Two case studies on two synthetic reservoirs, an oil and a wet gat reservoir, have been undertaken in this research to investigate the effects of systematic and random flow measurement errors on history matching.

Oil reservoir

For the oil reservoir case, a reference reservoir model with the characteristics shown in Table 1 was employed in the Schlumberger ECLIPSE simulator to produce reference production data (oil, gas, and water production rates) over 10 years.
Table 1

Characteristics of the reference oil reservoir

Initial reservoir pressure

304.20 Bar

Porosity

0.18

Horizontal permeability

60 mD

Vertical permeability

10 mD

Saturation pressure of reservoir hydrocarbon

386.11 Bar

Density of oil at the surface conditions

721 kg/m3

Density of water at the surface conditions

1009 kg/m3

Density of gas at the surface conditions

1.12 kg/m3

These characteristics were employed to build the reservoir model

The data were then imported into the Matlab® software and a Matlab® code generated 15 data sets with different ranges of systematic and random error, as shown in Fig. 3b. Ten per cent was chosen as the highest error since most of the publications in the literature report flow measurement errors for oil wells which are within this range. These data sets were later used as observed production data in history matching. Random errors have been produced using randomly generated numbers within the specified ranges (i.e. 0%, 5%, and 10%) in both the positive and negative directions. For instance, when the error specification was 5%, random errors could take any value between − 5% and + 5%. However, systematic errors were set to fixed percentages (i.e. 0%, 1%, 2%, 5%, and 10%) and their values were proportional to the reference values. After creating the data sets, the Matlab® code generated RSM files (a format which can be imported into Eclipse for further simulations and history matching) including the observed data.
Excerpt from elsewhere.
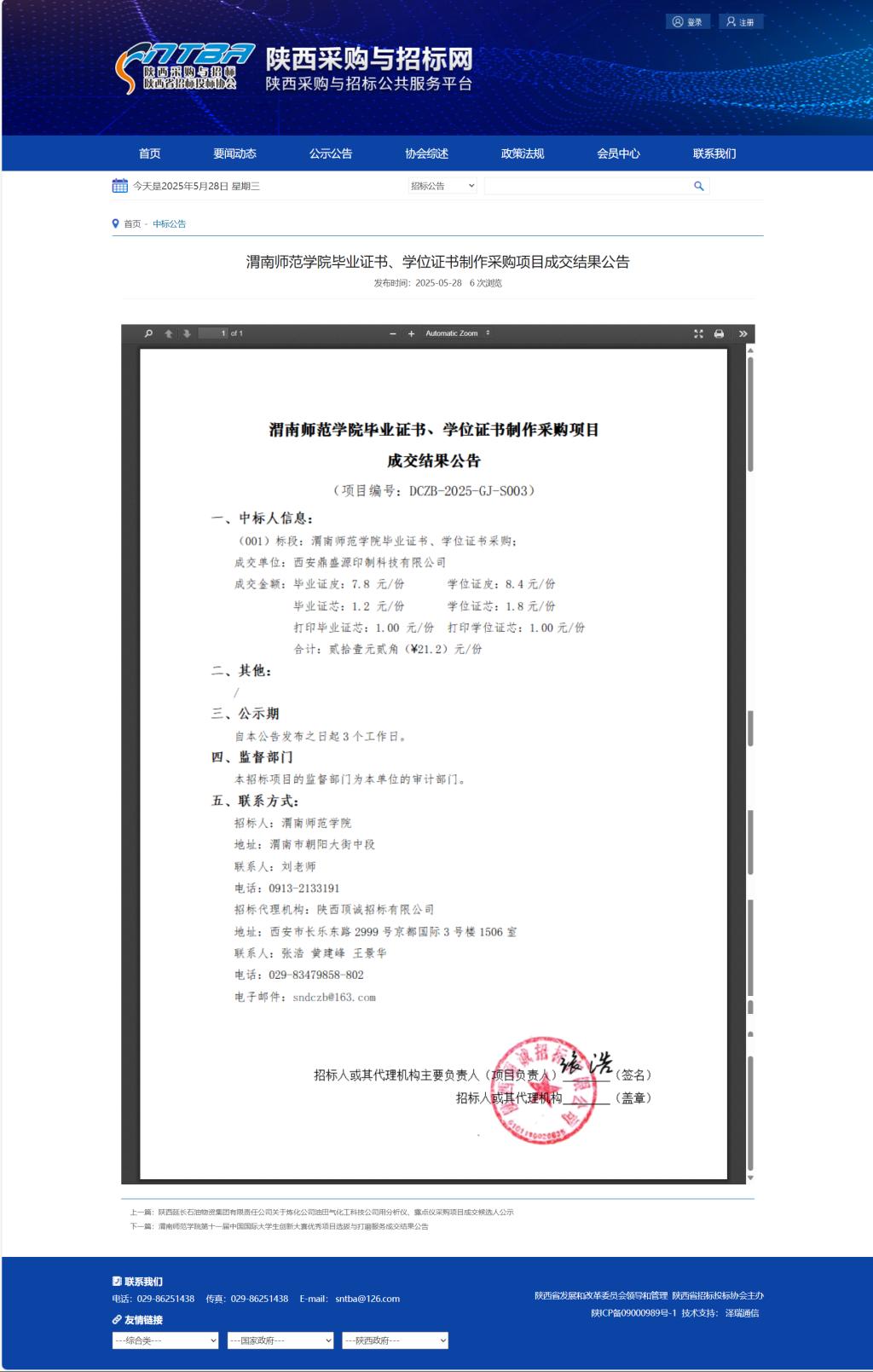 bat365正版唯一官网毕业证书、学位证书制作采购项目成交结果公告

The code can also perform a statistical analysis and report the results in terms of the mean (Eq. 1) and standard deviation (Eq. 2) of the data sets in an Excel file. The statistical information about the data sets used in this work is shown in Table 2.
Table 2

The details of the errors in different data sets which were used in the history matching

Data set number

Systematic error (%)

Random error (%)

Mean of errors (%)

Standard deviation of errors (%)

1

1

0

1.00

0.00

2

2

0

2.00

0.00

3

5

0

5.00

0.00

4

10

0

10.00

0.00

5

20

0

20.00

0.00

6

0

5

− 0.07

2.92

7

1

5

0.93

2.92

8

2

5

1.93

2.92

9

5

5

4.93

2.92

10

10

5

9.93

2.92

11

20

5

19.93

2.92

12

0

10

− 0.13

5.84

13

1

10

0.87

5.84

14

2

10

1.87

5.84

15

5

10

4.87

5.84

16

10

10

9.87

5.84

17

20

10

19.87

5.84

18

0

20

− 0.27

11.68

19

1

20

0.73

11.68

20

2

20

1.73

11.68

21

5

20

4.73

11.68

22

10

20

9.73

11.68

23

20

20

19.73

11.68

The data sets in the lighter shaded rows have been used for both oil and wet gas reservoirs and the data sets in the darker shaded rows have been used just for the wet gas reservoir. These data sets in addition to the reference production data have been employed to generate the observed data in the history matching

In the next stage of the work, the observed data (i.e. reference data with errors) were used in history matching to modify an uncertain reservoir model. The only differences between the uncertain model and the reference model were the values for porosity and permeability. These values were 0.28 and 40 mD for the uncertain model, respectively. Finally, the data from the modified model were compared to the data from the reference model to show the effect of the systematic and random flow measurement errors on the results of the history matching (i.e. estimated porosity, permeability, oil and gas production). This process was undertaken for all the data sets with different random and systematic errors, and the results were compared and analysed. The systematic and random errors were defined so that they represent different states of a flowmeter based on its trueness and precision, as shown in Fig. 3. The density of the data sets around (0,0) point was higher because in high precision and high trueness even a 1% change in the error might have a significant effect. Also, the number of the chosen values for systematic error was greater than random errors because initially we expected to see a more significant effect due to systematic errors; an expectation which was later proved to be correct based on the results.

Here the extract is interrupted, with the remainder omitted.